Critical to your success as an investor, Labrum said, is to stay disciplined.
“When the market turns, do NOT change your allocation or preferences. Stay put. Those who have the least transactions and changes will typically do better,” he said.
Know there is no one-size-fits-all approach
“Each individual’s investment strategy should be representative of their savings capacity, their current goals, risk tolerance and his or her overall budget,” Jack Teboda, president of the Illinois financial planning firm Teboda & Associates, wrote to HuffPost. “There is not a ‘silver bullet’ recommendation that works perfectly for every single person. This is why it is imperative that each person, or family, is working with a fiduciary advisor ― someone who has analyzed the different aspects of one’s investment philosophy and then provides a recommendation that makes the most sense for that particular person.”

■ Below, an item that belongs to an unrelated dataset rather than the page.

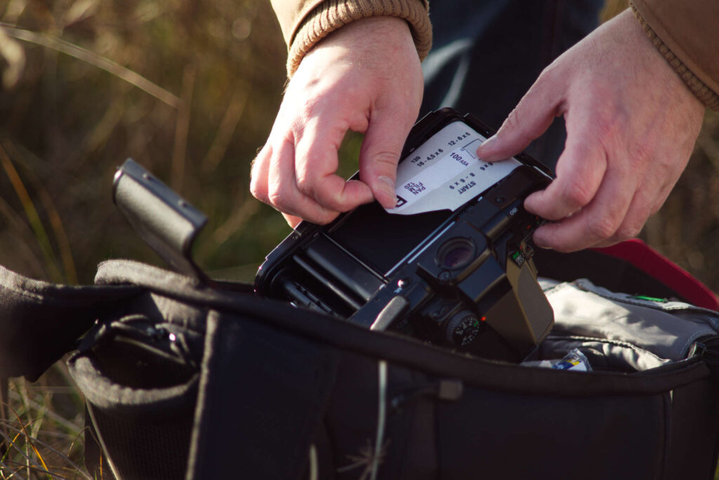 - Mounting film would be separate from the camera: you can prepare several backs with film and quickly exchange the back when you run out (there are only 10 frames per roll), and / or you could have an assistant prepare a fresh back while you keep using the camera.

Investment choices should be based on more than just your age and the number of working years you have until retirement. Many corporate 401(k)s offer you a variety of investment options based on your risk tolerance. The thinking behind most of them is that the closer you are to retirement, the more conservative your risk-taking should be. A good adviser won’t just lump you into a plan based on your age, but will also consider your other non-401(k) holdings. Balance is everything.
Find a money manager who doesn’t just serve the wealthy
“It is true that most wealth advisors are looking for the wealthiest individual, as is true of institutional managers looking for the largest institutions to manage assets for,” Alexander Joyce, president and CEO of Indiana investment service ReJoyce Financial, told HuffPost in an email. “With most of the American population statistically not saving for retirement, I believe advisors should soak up some of this fault.”
Most private advisory firms even have minimums such as $250,000, $500,000 or even $1 million, Joyce said. His firm doesn’t have a minimum at all.
“My motto is, ‘I don’t care how much money you have, if we can add value we can do business.’”
Clients can stick their toe in the investing waters in a Stock Exchange Traded Fund, or ETF, with just $1,000, for example. As Wadbrant noted on Reddit, an ETF is a basically a bucket of stocks, often with some sort of focus. It gives you instant diversification because you are buying stock in more than just one company ― meaning you can invest in a promising industry without the risk of investing in a single company and having it fail.
Still, people with assets of $1,000 definitely don’t want to lose them. Risk tolerance is important, and the ETF Endowment Series has five levels of risk/potential growth, with A being the most conservative. In 2017, the A saw a rate of return of 5.68 percent; the B, 7.97 percent; the C, 10.63 percent; the D, 14.02 percent; and the E, 16.80 percent.
“These are real rates of return that even an individual with $1,000 can take advantage of, add to and avoid sitting on the sidelines,” Joyce said.
Pay attention to fees, and give big-name ETFs a chance
Different types of investments have different cost structures, Mark Fried, president of Pennsylvania-based TFG Wealth Management, told HuffPost.
ETFs are usually lower cost than mutual funds. Mutual funds have different share classes and each share class has a different fee structure. Fried says to look to ETFs to keep costs down.
“But,” he adds, “use big-name ETFs because you want to make sure there is a market when you need to sell your ETF. The more visible ETFs have better volume.” In other words, stick to the more popularly known ETFs.
Most investment firms impose a flat management fee on their customers, so they pay a set amount no matter how well the investment does. Aspiration allows customers to “pay what is fair” and name their own fees for investing.